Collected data
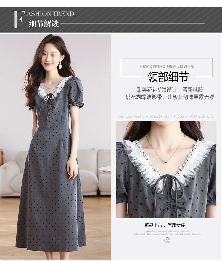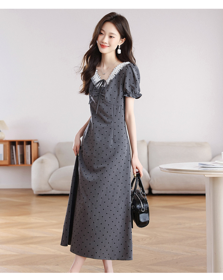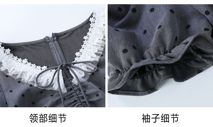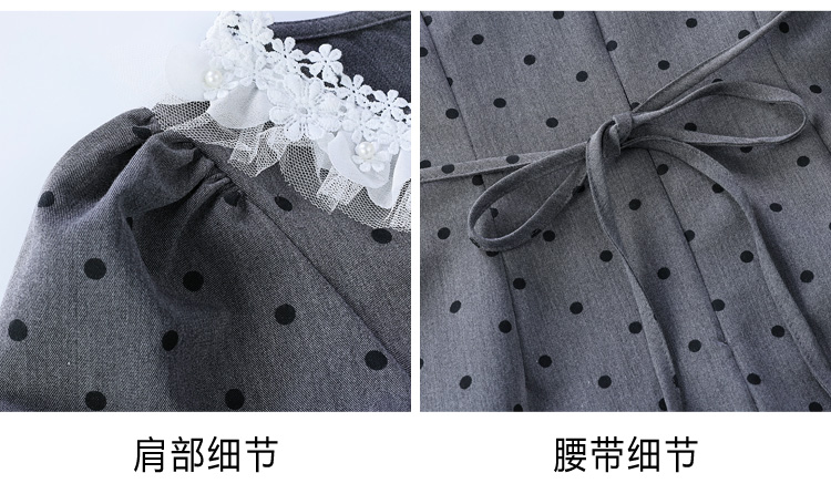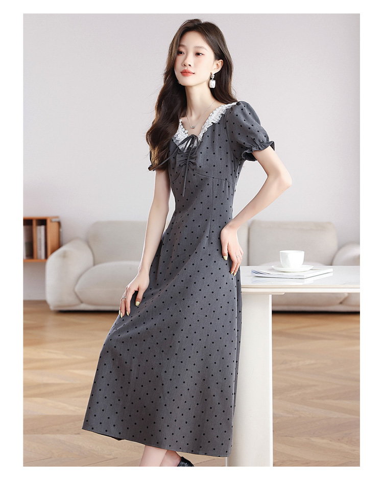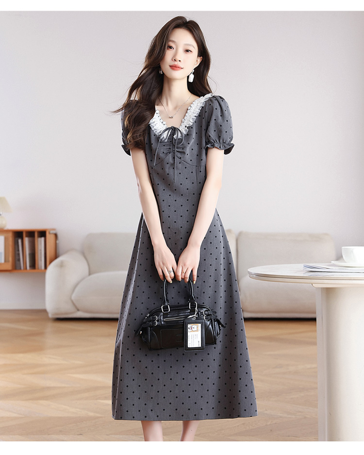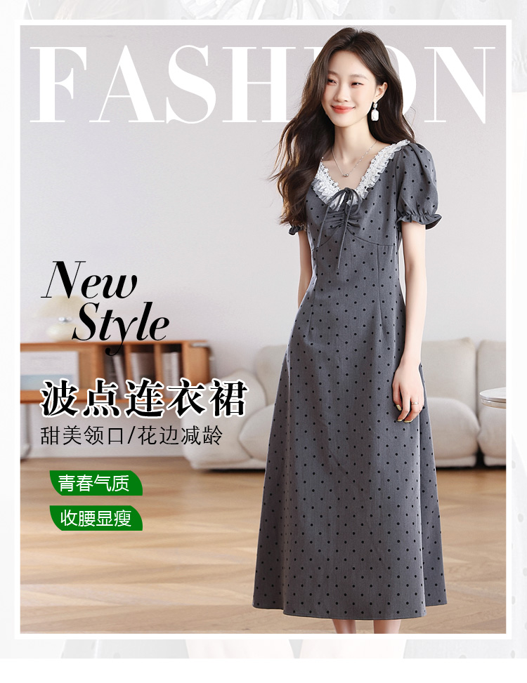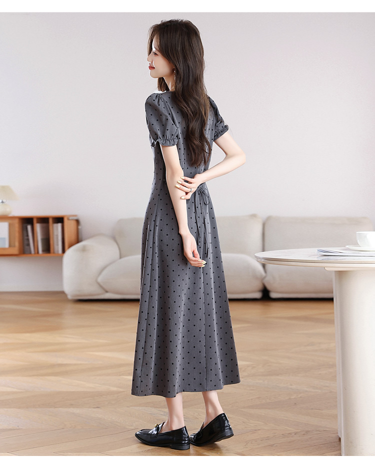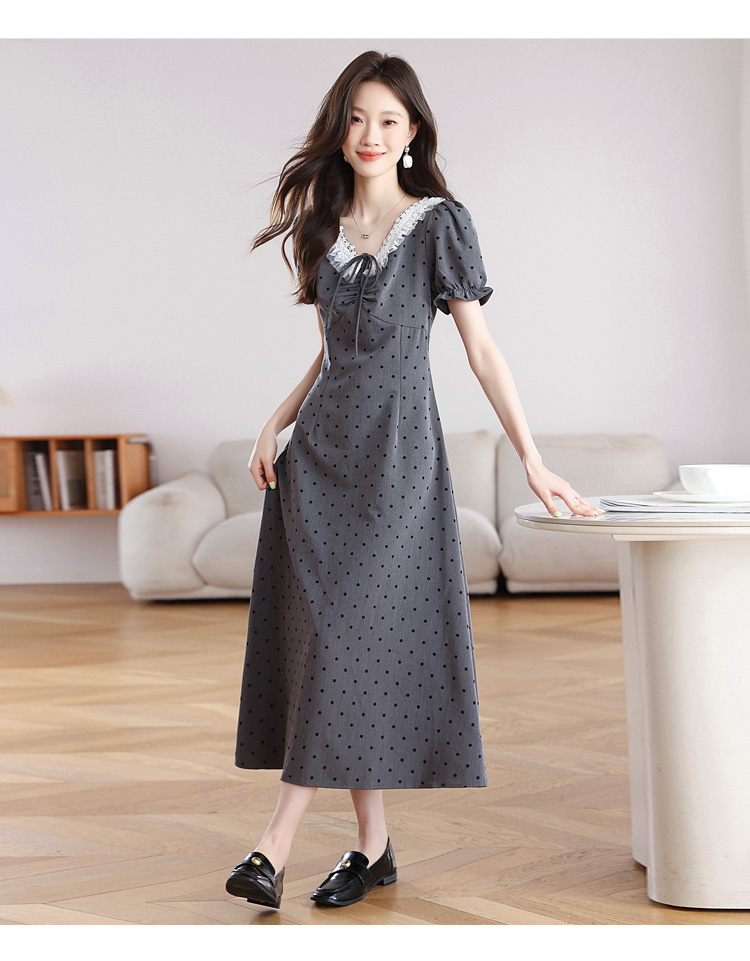 RY3403# 实拍 盐系少女2026灰色连衣裙女夏季梨形收腰设计感波点裙
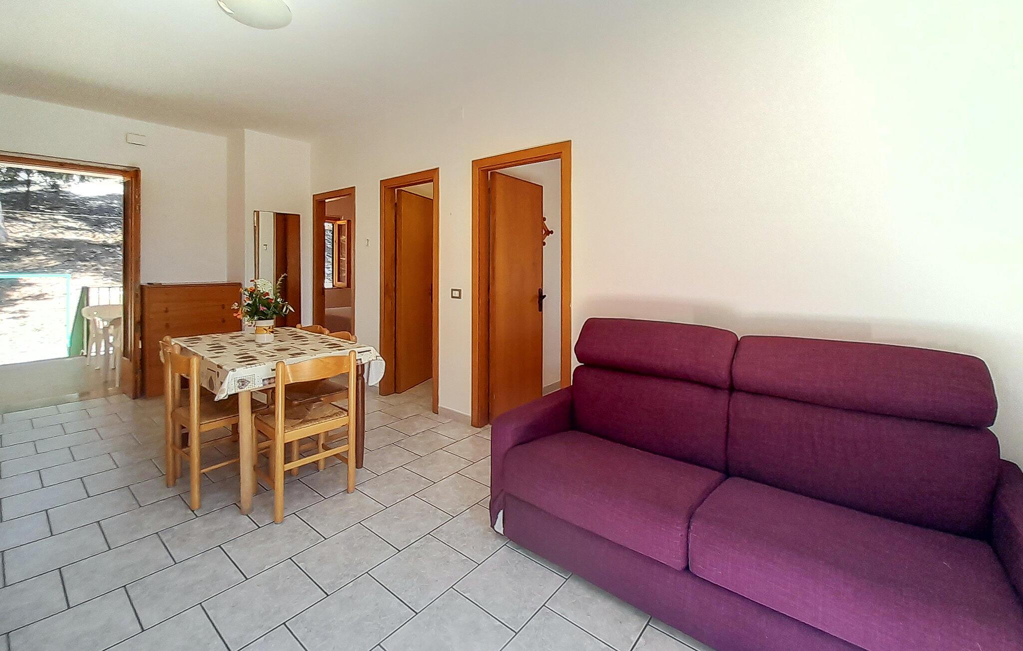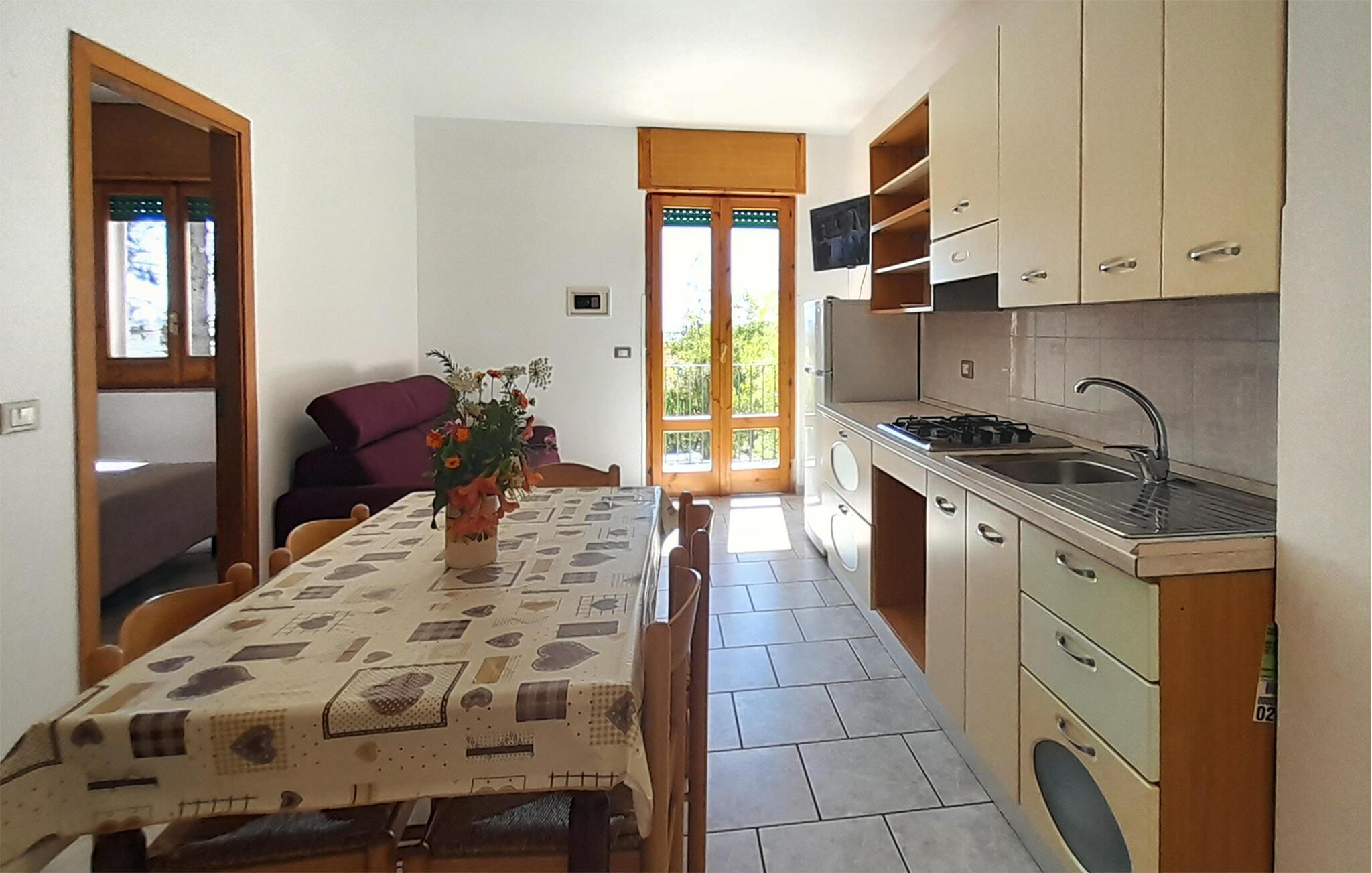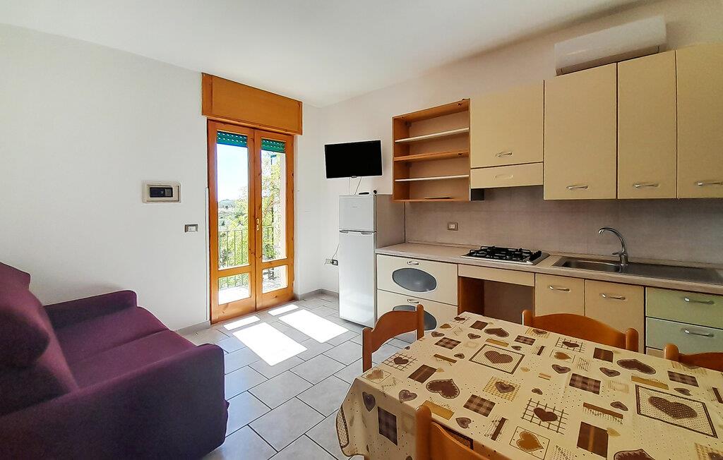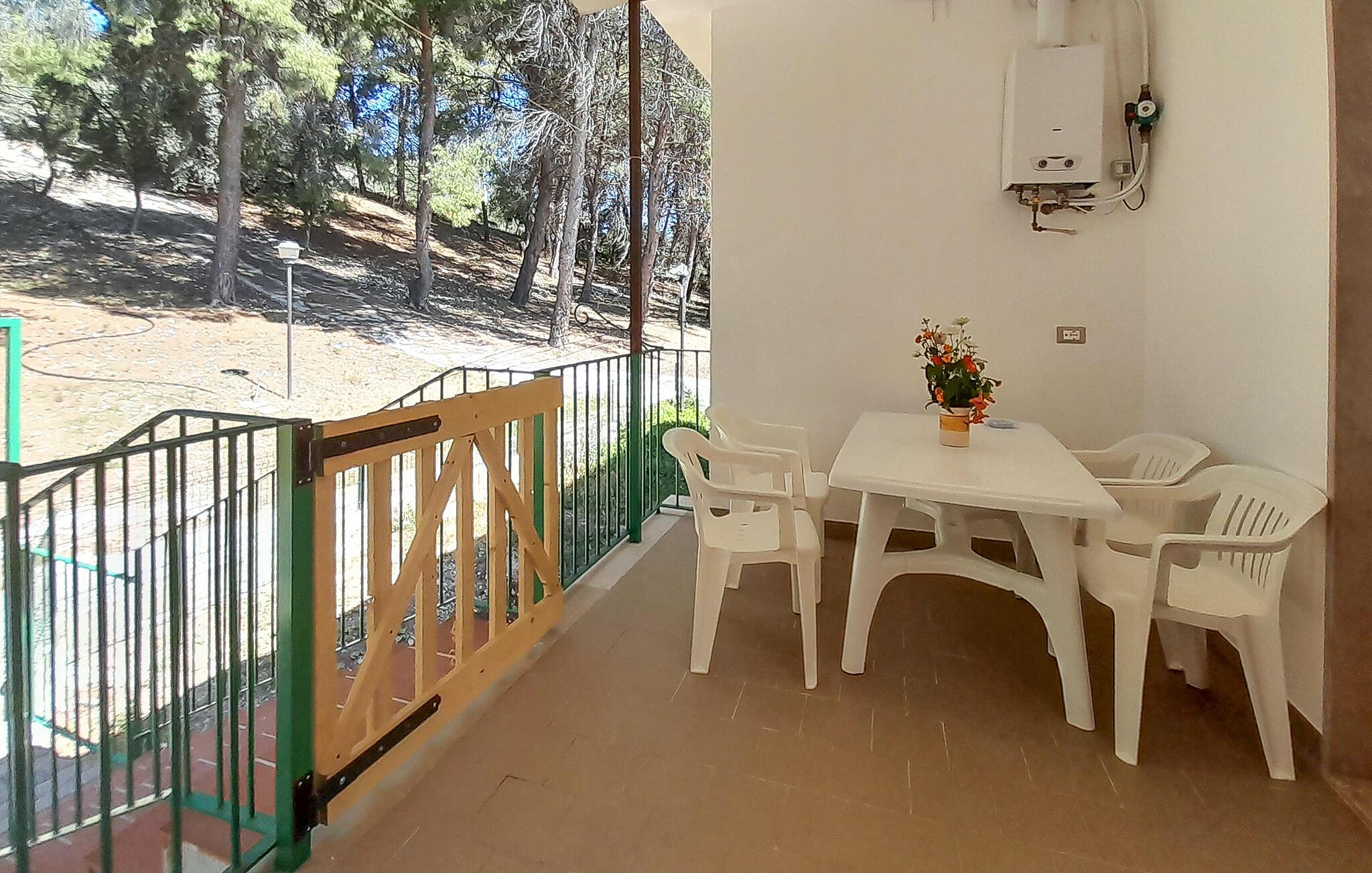 Velkommen til denne fine lejlighed i Vieste, hvor I får alt, hvad I behøver for en skøn ferie krydret med mange skønne udflugter. Lejligheden er kompakt indrettet med gode møbler og de faciliteter, I behøver for at kunne slappe af efter dagens muntre leg. Køkkenet er veludstyret, så tag jer blot god tid til at lave lidt lækker mad, som kan nydes i den hyggelige stue med et godt glas vin til sent.
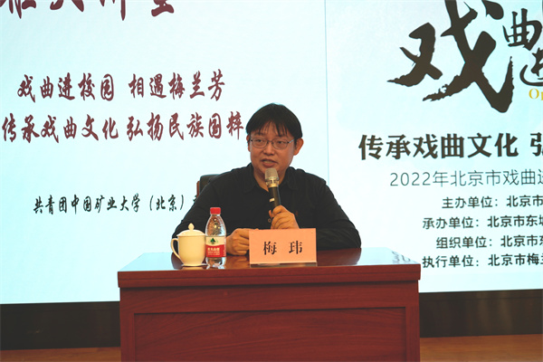 梅玮以《打开京剧之门》为主题,结合梅兰芳先生的表演作品,讲述了京剧的表演特点、唱腔特点、表演技巧及生、旦、净、丑各行当穿扮等。通过现场教授身段动作、戏曲台步、梅派手势等加深了大家对京剧表演的认识,以“知戏,感戏,听戏,看戏”的理念,让高校学子了解戏曲,走进戏曲。
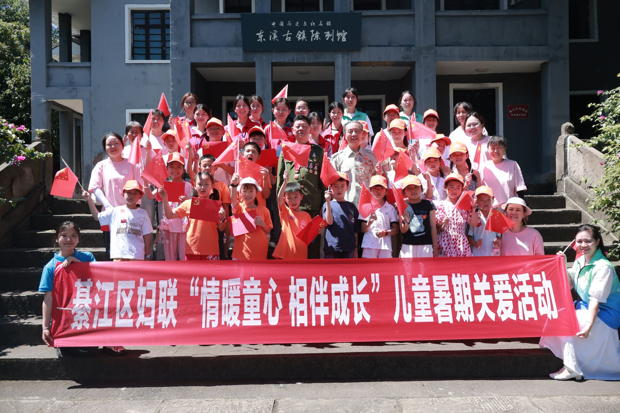 7月4日,綦江区妇联、团区委、区退役军人事务局携手重庆移通学院“綦韵东溪·移路同行”教育关爱服务团联合打造“假期第一堂故事音乐荟”暨“情暖童心 相伴成长”儿童暑期关爱活动,以社区“爱心妈妈”与大学生志愿者组成的“知心姐姐”温情陪伴为特色,为青少年厚植家国情怀注入新活力。
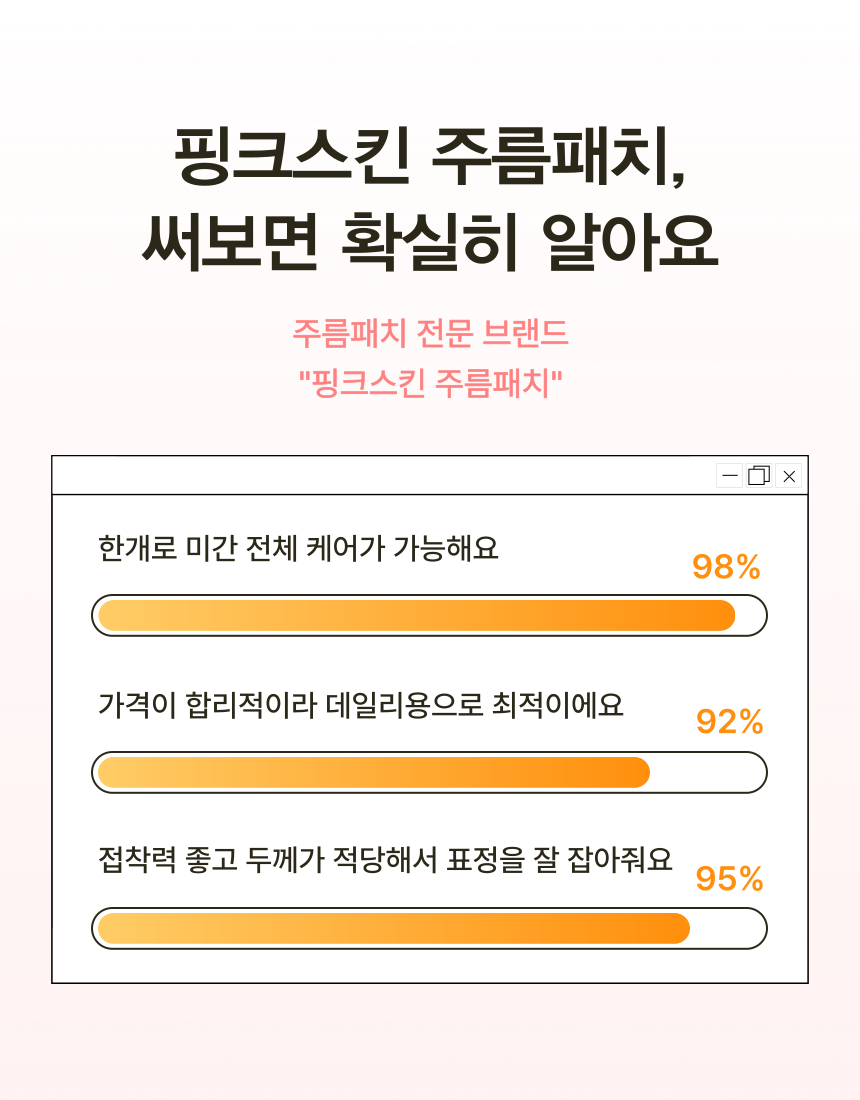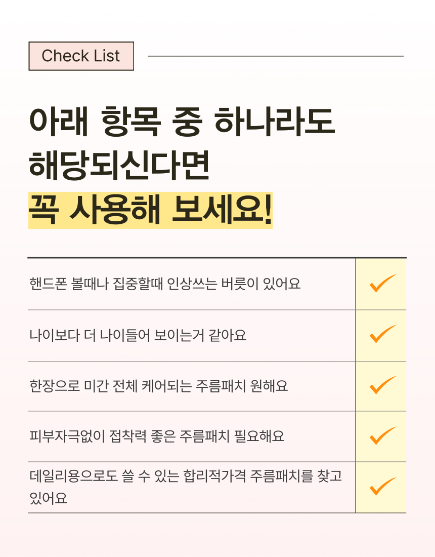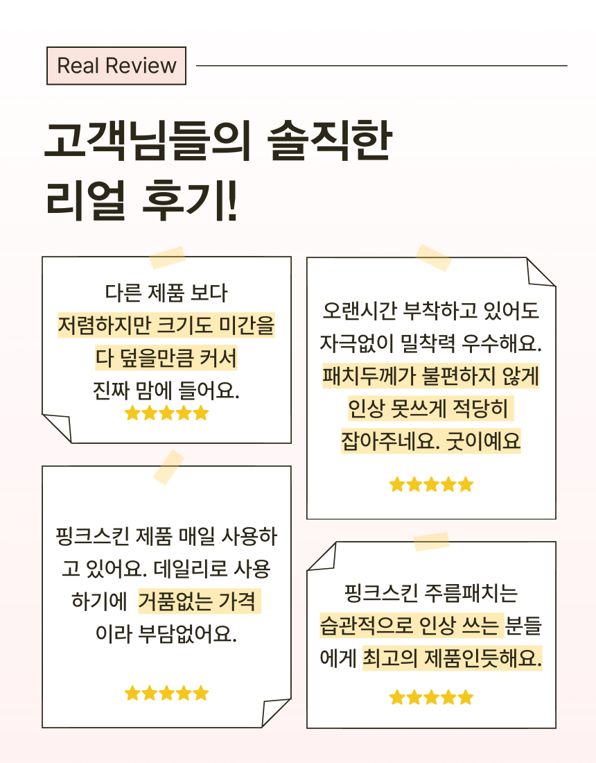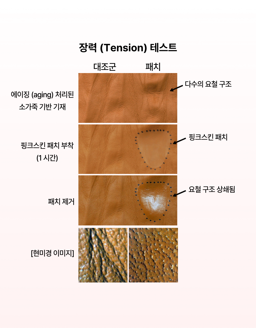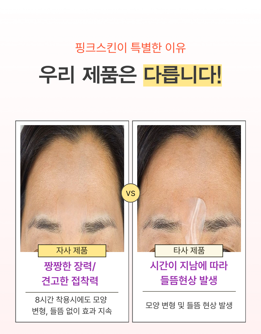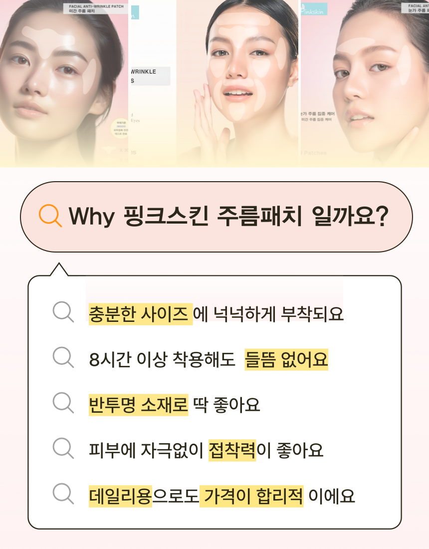 마침내 미간 전체를 커버 할수 있을 만큼 폭 및 길이를 증가시키더라도 장력과 접착력을 최적으로 발휘할 수 잇는 주름 패치를 개발하게 되었습니다.
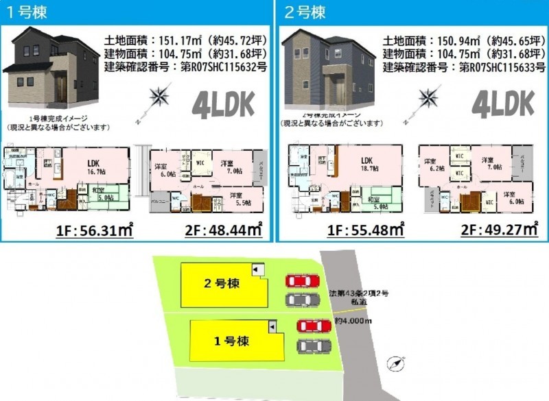 2号棟:150.94㎡(土地)、104.75㎡(建物)、3,198万円 網戸・照明器具・カーテンレール・CATV等は別途注文となります。 |
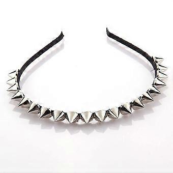 Silver Spike Punk Headband with DoubleLayer Pearl Rivet Design, Durable Alloy Frame and Comfort Fit

**Work to complete:**
Only the lines from the one that contains "7月4日,綦江区妇联、团区委" to the end of the records, inclusive, are to be quoted exactly, with pictures excluded.

**Solution to this task:**
 7月4日,綦江区妇联、团区委、区退役军人事务局携手重庆移通学院“綦韵东溪·移路同行”教育关爱服务团联合打造“假期第一堂故事音乐荟”暨“情暖童心 相伴成长”儿童暑期关爱活动,以社区“爱心妈妈”与大学生志愿者组成的“知心姐姐”温情陪伴为特色,为青少年厚植家国情怀注入新活力。
 마침내 미간 전체를 커버 할수 있을 만큼 폭 및 길이를 증가시키더라도 장력과 접착력을 최적으로 발휘할 수 잇는 주름 패치를 개발하게 되었습니다.
 2号棟:150.94㎡(土地)、104.75㎡(建物)、3,198万円 網戸・照明器具・カーテンレール・CATV等は別途注文となります。 |
 Silver Spike Punk Headband with DoubleLayer Pearl Rivet Design, Durable Alloy Frame and Comfort Fit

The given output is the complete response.